:: RECORDS FOR THE TASK ::
========================================
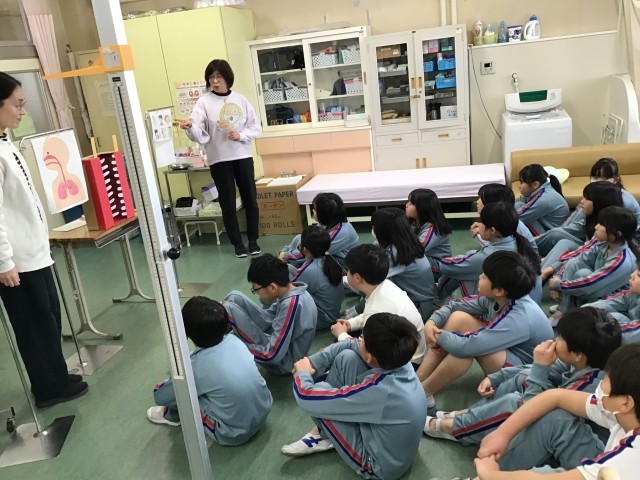 身体測定の前に保健室の先生がミニ保健指導をしています。今回は、「せん毛の働き」についてのお話をしました。のどにはせん毛というものがあり、せん毛はのどからばい菌が入るのを防いでいます。冬になり、空気が乾燥すると、せん毛の動きが鈍くなります。そのため、のどからばい菌が侵入しやすくなります。ばい菌の侵入を防ぐためにも喉を潤すためのうがいやマスク、加湿などが大切です。子どもたちは、保健室の先生方がわかりやすく、楽しい教具を使ってお話をしてくれたので、楽しみながら集中して聴くことができました。学んだことを活かして寒い冬を元気いっぱいで過ごしてほしいです。
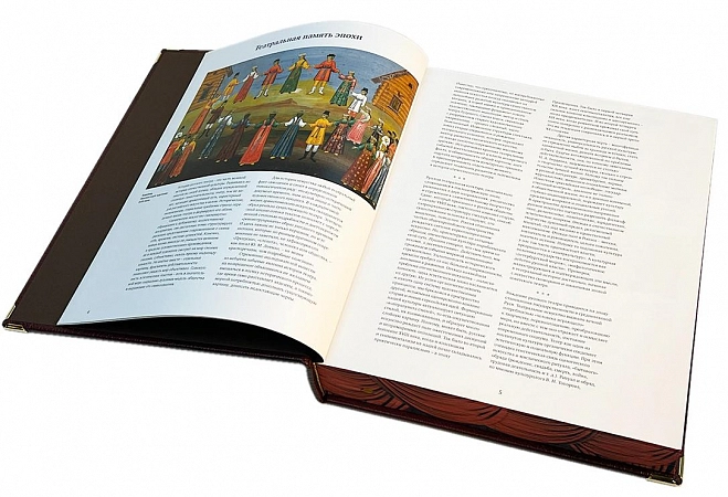 Подарочная книга "Русский театр 1824-1941г" (в коробе) АННОТАЦИЯ Иллюстрированная хроника охватывает более столетия из истории российской театральной жизни. Книга состоит их четырех частей, три из которых посвящены ""золотому веку"" в истории русского театра - периоду с 1824-го по 1917 год. В качестве отправной даты выбран 1824 год, когда произошло важнейшее событие не только для театра, но и для всей России - был образован московский Малый театр, ставший для страны ""вторым университетом"". Именно тогда, в первой половине XIX века, начала формироваться национальная театральная культура России, впоследствии получившая мировое признание. В ее истории: классические постановки пьес Островского и Чехова, спектакли Таирова и Мейерхольда, авангардные поиски 1920-х, становление театра соцреализма. Иллюстрированная хроника завершается 1941 годом - началом Великой Отечественной войны. Издание подготовлено при участии Государственного центрального театрального музея имени А.А.Бахрушина. 2-е издание. Книга «Русский театр. 1824-1941. Иллюстрированная хроника российской театральной жизни» авторов Лидия Постникова, Евгения Недзвецкая, Людмила Гузовская, Карина Оганджанова, Татьяна Небесная оценена посетителями КнигоГид. ОПИСАНИЕ Кожаный переплет ручной работы с художественными вставками. Ярко оформленный книжный блок. Исполнение в оригинальном подарочном коробе, сделанном из металла, и обтянутым вручную высококачественной кожей. Металлические художественные вставки с изображением, рисованный обрез соответствующий тематике издания. Книга представлена в оригинальном подарочном коробе, перчатки и, по желанию, сертификат (может быть именным) в комплекте. Цветовое сочетание переплёта и упаковки может отличаться от представленных на фото.
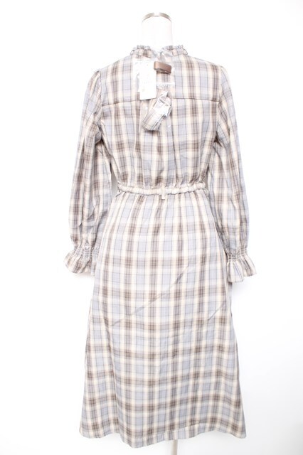 axes femme / プリーツ切替チェック柄ワンピース 生成り Y-26-01-01-099-AX-OP-SZ-ZY
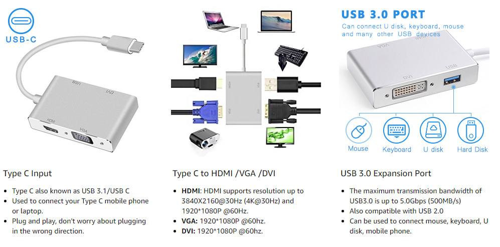 - 📺【4-IN-1 USB3.1(Type-C) to HDMI USB VGA DVI】 - HuiHeng USB C Multiple port for connecting PC/Laptop to HDMI/VGA/DVI-equipped monitors and displays. USB 3.0 port allows the connection with more USB devices such as Flash Drive, keyboard, mouse. The data-transfer speed is up to 5Gb/s(480MB/s). We provide 1 year product warranty.
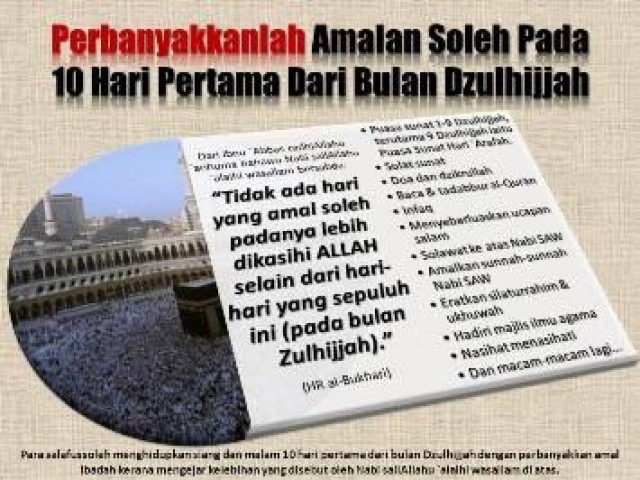 "Tidak ada satu amal shaleh yang lebih dicintai oleh Allah melebihi amal shaleh yang dilakukan pada hari-hari ini (yaitu 10 hari pertama bulan Dzul Hijjah)." Para sahabat bertanya: "Tidak pula jihad di jalan Allah?" Nabi shallallaahu 'alaihi wasallam menjawab: "Tidak pula jihad di jalan Allah, kecuali orang yang berangkat jihad dengan jiwa dan hartanya namun tidak ada yang kembali satupun." (HR. Abu Dawud dan Ibnu Majah)
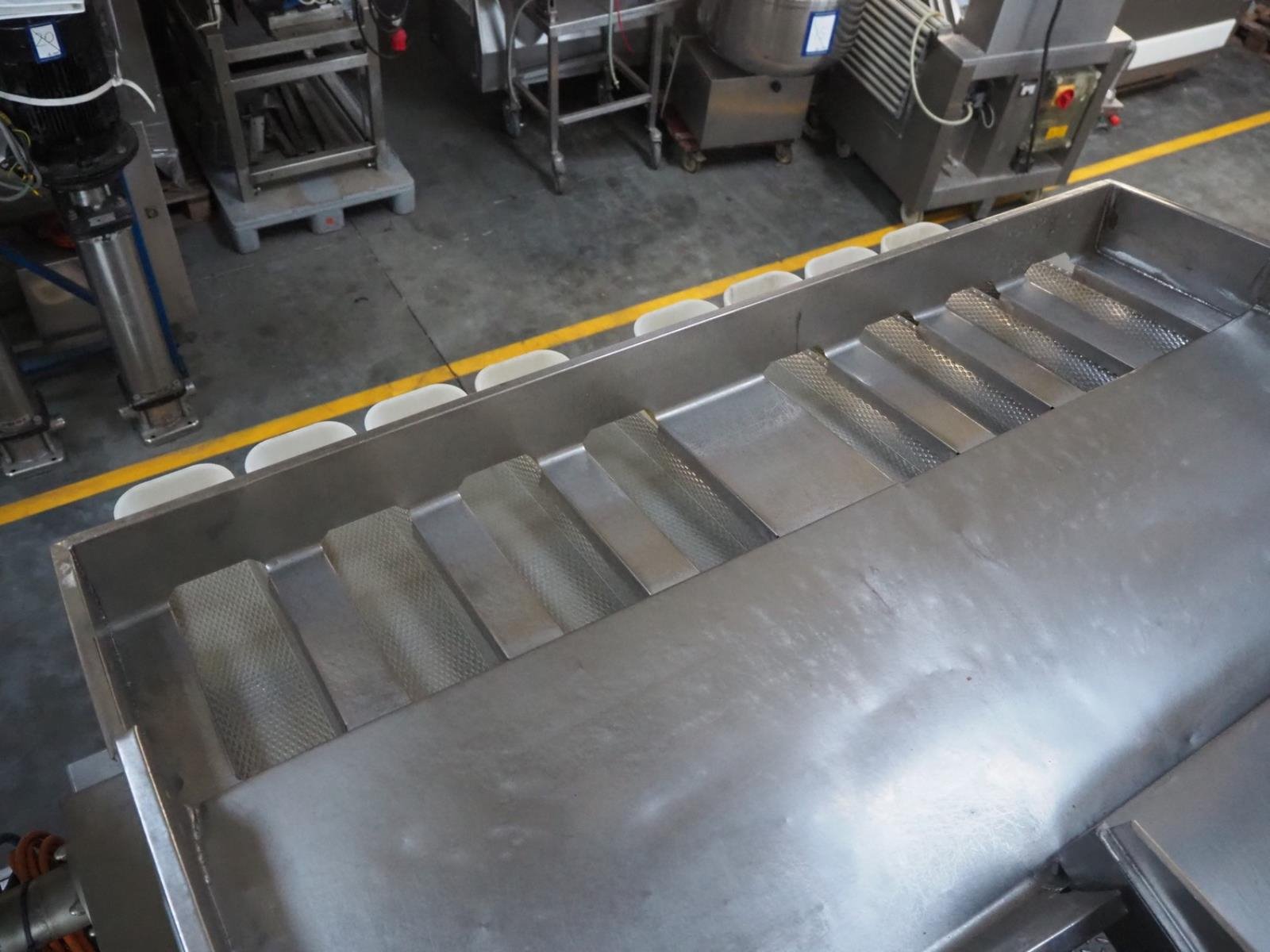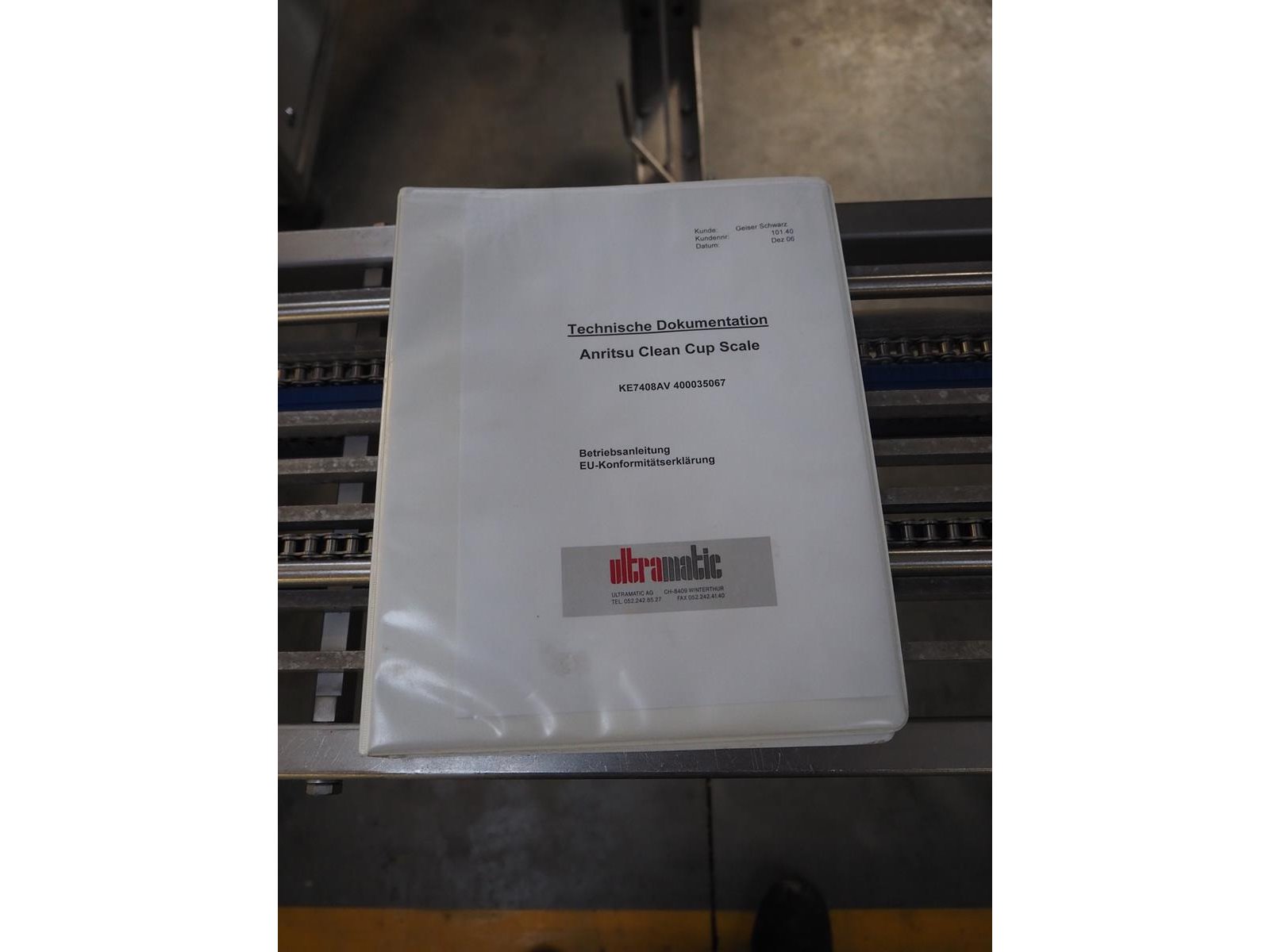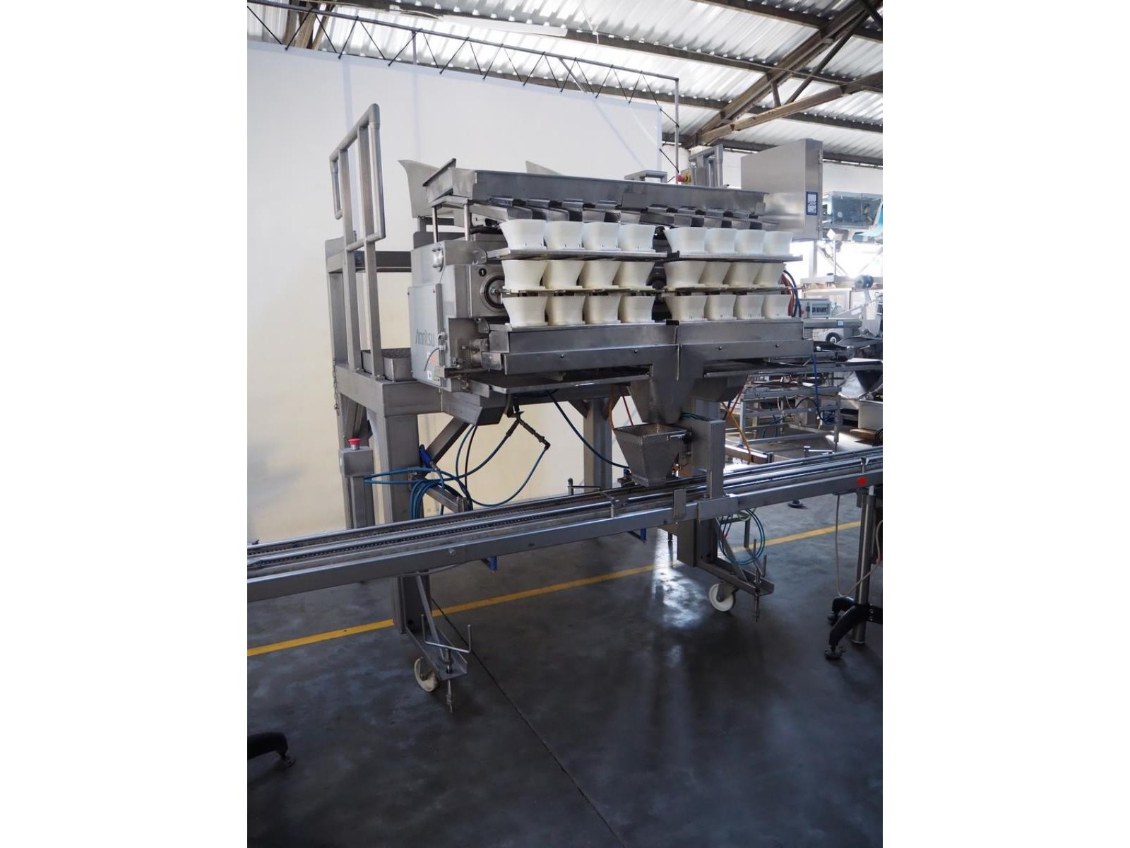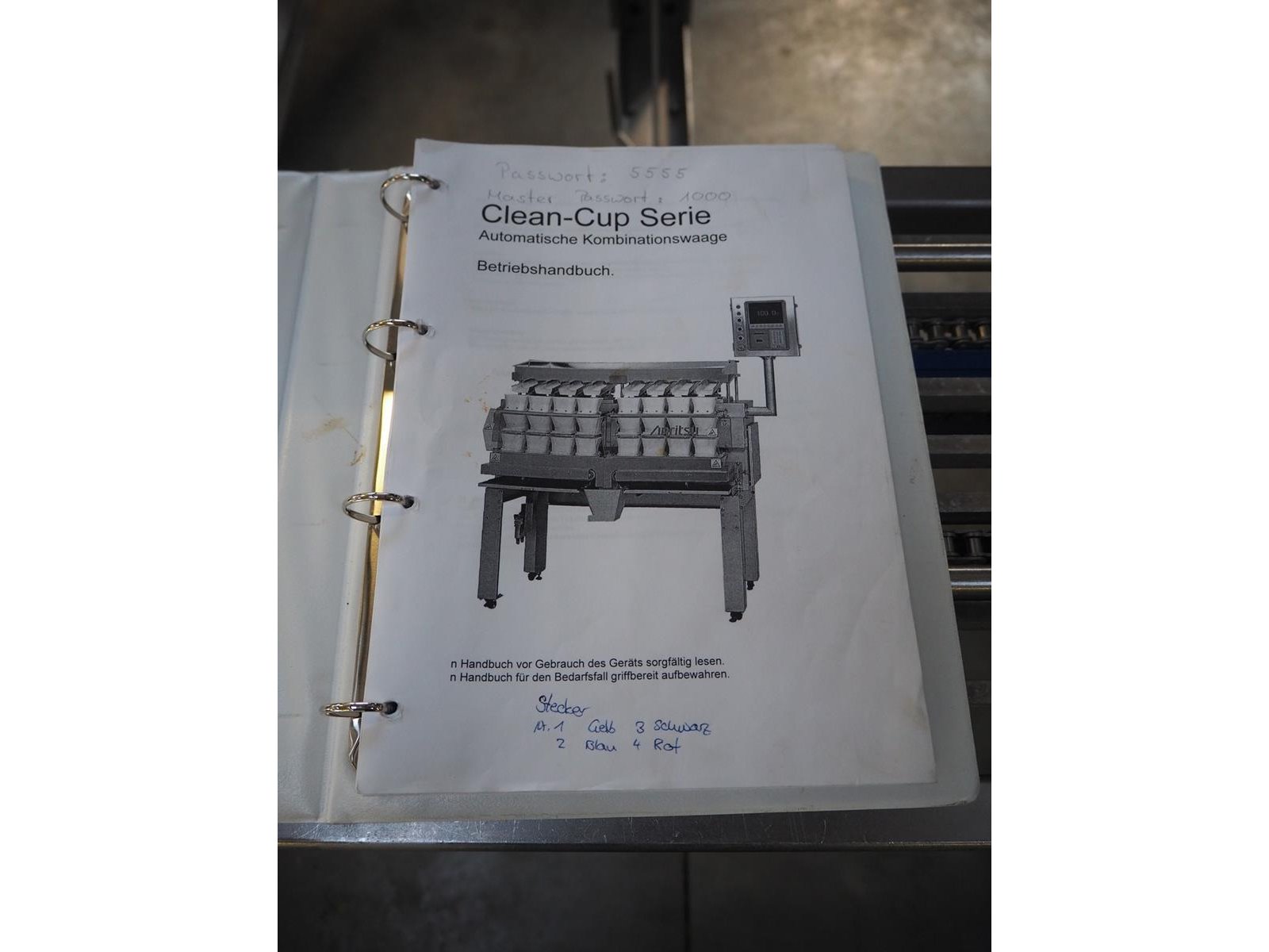 Anritsu/CFS mobile weighing and tray sealing line, consisting of: Anritsu 8 heads linear weigher with platform, type: KE7408AW, serial number: 460035067, year of construction: 2006, 200-240 VAC, 50/60 Hz, d= 0.1 g, capacity: 1-1000 g, maximum speed: 40 pieces per minute, s/s gutter, gutter width: 85 mm, total dimensions linear weigher: 2280 mm x 1880 mm x 2550 mm. Infeed belt, s/s frame, chain belt with dividers, distance between dividers: 295 mm, dividers height: 15 mm, belt width: 130 mm, total dimensions infeed belt: 3500 mm x 550 mm x 1210 mm. CFS traysealer, type: STAR2S, number: 695-113C, year of construction: 2005, 400 V, 3 Ph, 50 Hz, 14.5 A, 10 kW, weight: 1500 kg, infeed belt width: 150 mm, film width: 260 mm, dimensions dyes: (3x) 145 mm x 110 mm, total dimensions traysealer: 3800 mm x 1100 mm x 1850 mm. Vacuum pump Pallet with parts.
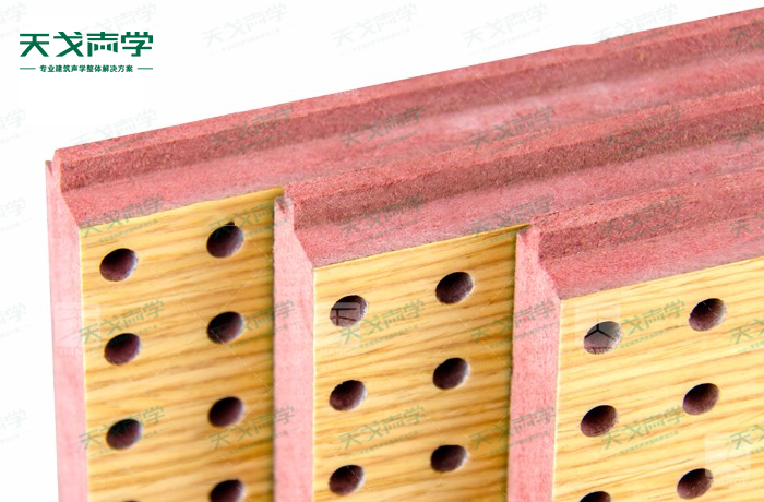 天戈阻燃孔木吸音板飾面顏色及材料選擇性廣,孔徑、孔距可根據客戶要求調整,能很好地滿足客戶多樣化的聲學及裝飾需求。孔木吸音板對吸聲頻譜選擇性較強,對中低頻有很好的吸聲性能。如在吸聲結構后空腔上填入適量的吸聲棉可提高中、高頻吸聲效果。
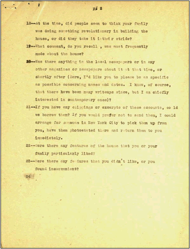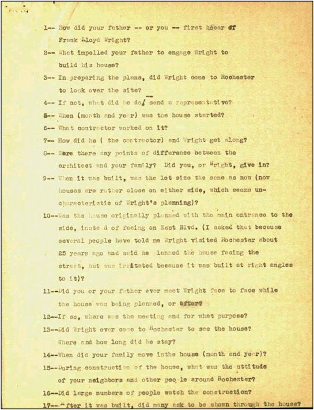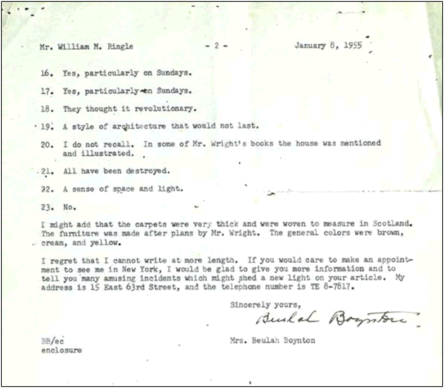 In 1954, Times-Union reporter William M. Ringle wrote to both Wright and Beulah Boynton for more information about the house for an article he was working on.
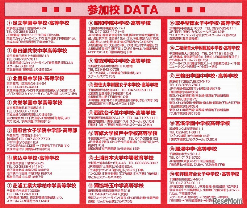 「TX(つくばエクスプレス)沿線私立中学校合同説明会」が11月24日、東京電機大学・東京千住キャンパスで開催される。東京、埼玉、千葉、茨城1都3県からの20校が集まり、ブースでの個別相談や、入試直前のアドバイスなどを受けることができる。
========================================
:: WHAT IS REQUIRED ::
What should come back is an exact copy of the lines above from the line with "Anritsu/CFS mobile weighing" to the line with "天戈阻燃孔木吸音板飾面顏色及", both included, minus the pictures.

:: EXERCISE RESULT ::
 Anritsu/CFS mobile weighing and tray sealing line, consisting of: Anritsu 8 heads linear weigher with platform, type: KE7408AW, serial number: 460035067, year of construction: 2006, 200-240 VAC, 50/60 Hz, d= 0.1 g, capacity: 1-1000 g, maximum speed: 40 pieces per minute, s/s gutter, gutter width: 85 mm, total dimensions linear weigher: 2280 mm x 1880 mm x 2550 mm. Infeed belt, s/s frame, chain belt with dividers, distance between dividers: 295 mm, dividers height: 15 mm, belt width: 130 mm, total dimensions infeed belt: 3500 mm x 550 mm x 1210 mm. CFS traysealer, type: STAR2S, number: 695-113C, year of construction: 2005, 400 V, 3 Ph, 50 Hz, 14.5 A, 10 kW, weight: 1500 kg, infeed belt width: 150 mm, film width: 260 mm, dimensions dyes: (3x) 145 mm x 110 mm, total dimensions traysealer: 3800 mm x 1100 mm x 1850 mm. Vacuum pump Pallet with parts.
 天戈阻燃孔木吸音板飾面顏色及材料選擇性廣,孔徑、孔距可根據客戶要求調整,能很好地滿足客戶多樣化的聲學及裝飾需求。孔木吸音板對吸聲頻譜選擇性較強,對中低頻有很好的吸聲性能。如在吸聲結構后空腔上填入適量的吸聲棉可提高中、高頻吸聲效果。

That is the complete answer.